INVESTIGADORES
SOTO Axel Juan
congresos y reuniones científicas
Título:
Identifying the applicability domain of QSPR models using machine learning
Autor/es:
AXEL JUAN SOTO; IGNACIO PONZONI; GUSTAVO ESTEBAN VAZQUEZ
Lugar:
Termas de Chillan
Reunión:
Conferencia; I Iberoamerican Conference on Bioinformatics; 2010
Institución organizadora:
Sociedad Iberoamericana de Bioinformática (SoiBio)
Resumen:
QSPR (Quantitative Structure-Property Relationships) involve modeling methods used forpredicting physicochemical properties of compounds from their molecular structure (descriptors). These in silico methods identify promising compounds for experimental analysis, helping to disregard useless compounds before being synthesized. Therefore, the design of accurate QSPR models is a crucial issue in drug research, yielding to important time and economic savings. Several works1,2 describes main issues to achieve reliable models. A major problem is the lacking of generalization capabilities when non-homogeneous data are used. In other words, an unseen compound could be outof the model applicability domain (AD), and hence its prediction is prone to be not reliable. A methodology to determine the AD of QSPR models generated using machine learning methods was proposed by Soto et al3. This procedure combines supervised and unsupervised learning methods. The goal of the unsupervised method is to detect regions within the training chemical space, wherein the behavior of the supervised method turns unpredictable.

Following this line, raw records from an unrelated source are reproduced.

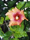 | 民家の庭からホテルやバーのカウンター、ドリンク、料理、新婚さん用のベット、レイからトイレの中まで・・・あらゆるところで一番目にする花。でも考えても見てると、こんな大輪のりっぱな ハイビスカス、日本でお金を出して買おうとしたら、一体いくらするのやら・・!(ビンボーくさい?)そう考えるとそんなナマの花を惜しげもなく、ふんだんに飾ってあるなんてすごい贅沢!よく見てみると、おなじみの真っ赤な大輪のものから、薄い色で中央が濃い色になったもの、小さい風鈴のような形のものなど、色や形、大きさなど実にさまざまな種類があった。 夕方には萎んでしまい、1日しか咲かないというのに、それでもよく見かけるのは、いかにこの花が多いかということか。色とりどりで大きな花は、まさに南国代表といった感じがする。 もうさんがとある家の垣根越しに大きなハイビスカスに見とれていると、そばにいた現地の女の子が、するすると枝を引き寄せて花を取ってくれた。もったいないような気がしたが、自然をアクセサリーに出来ることもまた、贅沢な気がしました。 | ||||
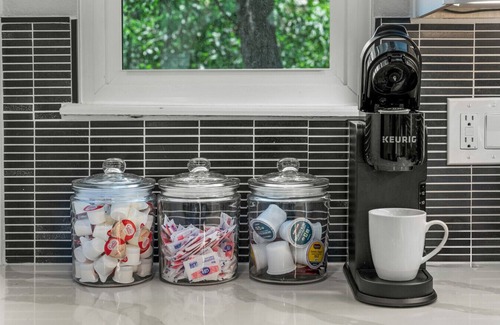 Whether you’re cooking up something delicious or just brewing a morning cup of coffee, the fully equipped kitchen has everything you need—from sleek appliances to all the cooking tools and dishes.
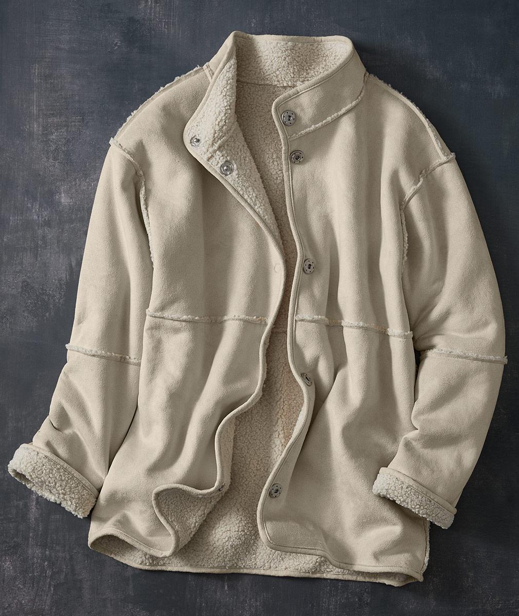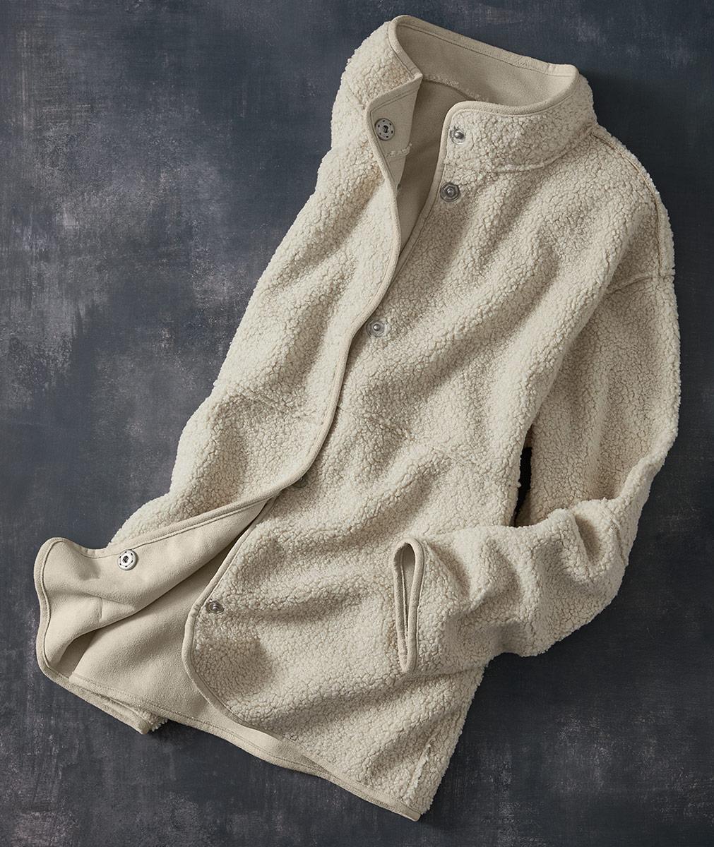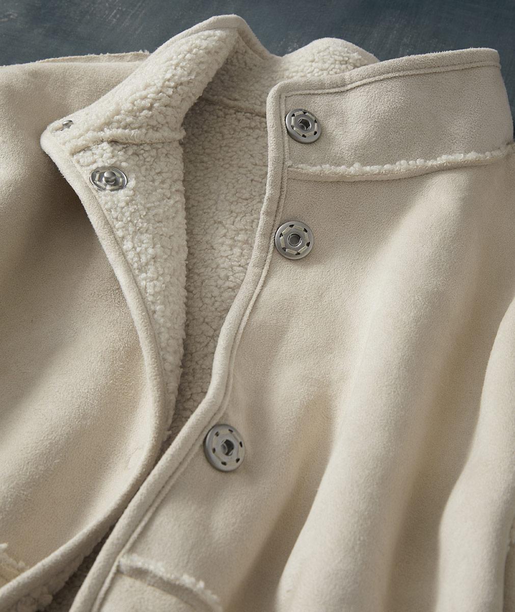 Velvety smooth on one side; soft, low-profile sherpa on the other. This reversible faux sheepskin jacket is cozy, versatile, and ready for any outing. Minimalist detailing includes a snap front placket and side entry pockets.
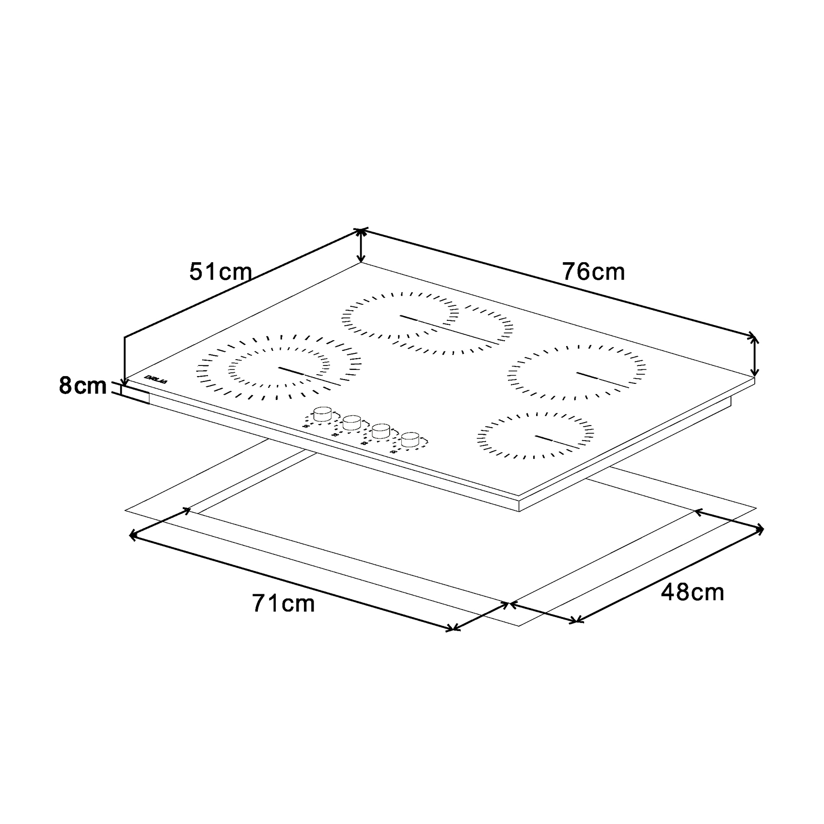 El tope eléctrico Bari 76 combina diseño elegante, funcionalidad expandible y potencia avanzada. Sus 76 cm de ancho brindan mayor comodidad al cocinar, mientras que sus zonas radiantes EGO con control independiente y perillas metálicas aseguran precisión, eficiencia y estilo en cualquier cocina.
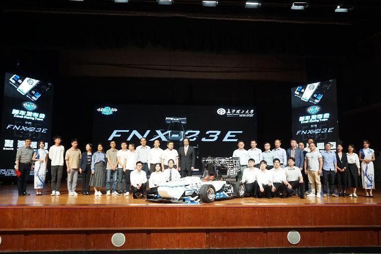 典礼上,还进行了2023年度LETOU体育平台方程式赛车队的新车发布仪式,车队队长张博轩对车队的成长历程进行了介绍,并对今年制造的新车FNX-23E进行了详细的技术介绍。汽机学院党委书记施一满、副院长(主持工作)胡林、车队指导老师伍文广、队长张博轩共同为新车揭幕。
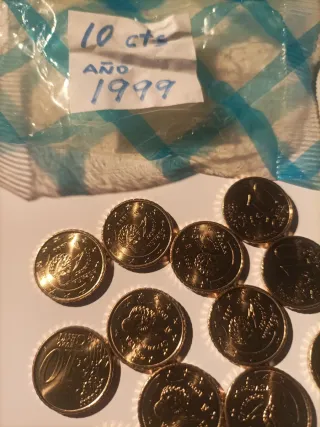 Doce monedas de 10 céntimos del año 1999. Monedas nuevas perfectas sin circular - Cada moneda tiene un valor de 10 céntimos. - Año de acuñación: 1999.
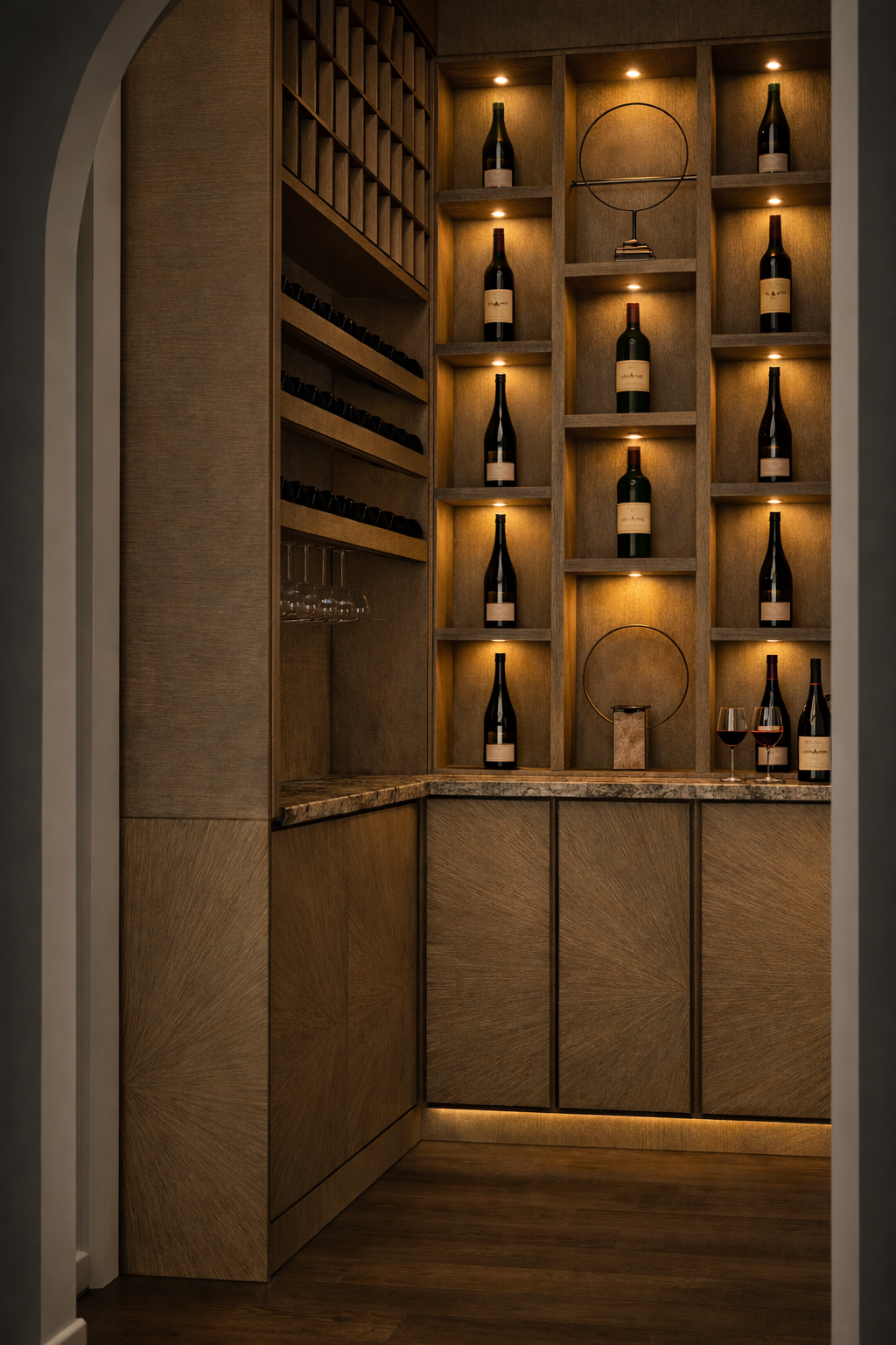 Spaces designed include a custom dining room, wine cellar, and laundry room.

A main contribution resides in the fact that, while other proposals are only interested in checking similarity to the training set as a whole (extrapolation problems), here the AD is also checked within the training set (interpolation problems). This new technique use self-organizing maps and the Hotelling statistic for detecting if a prediction of a compound in the test set is confident or unconfident, where confident refers to the probability of having a low prediction error when a specific prediction method is used. Four data sets for different properties - blood-brain barrier permeation (DS1), intestinal absorption (DS2) and octanol-water partition coefficient (DS3&DS4) - were used for testing. The tables show the prediction errors in terms of mean average error for the training set (T), testing set (H) and the sets classified as confident (S1) and unconfident (S2). The last row quantifies the probability of an error occurs when determining that the mean of a subset S1 or S2 compared with the test mean is different.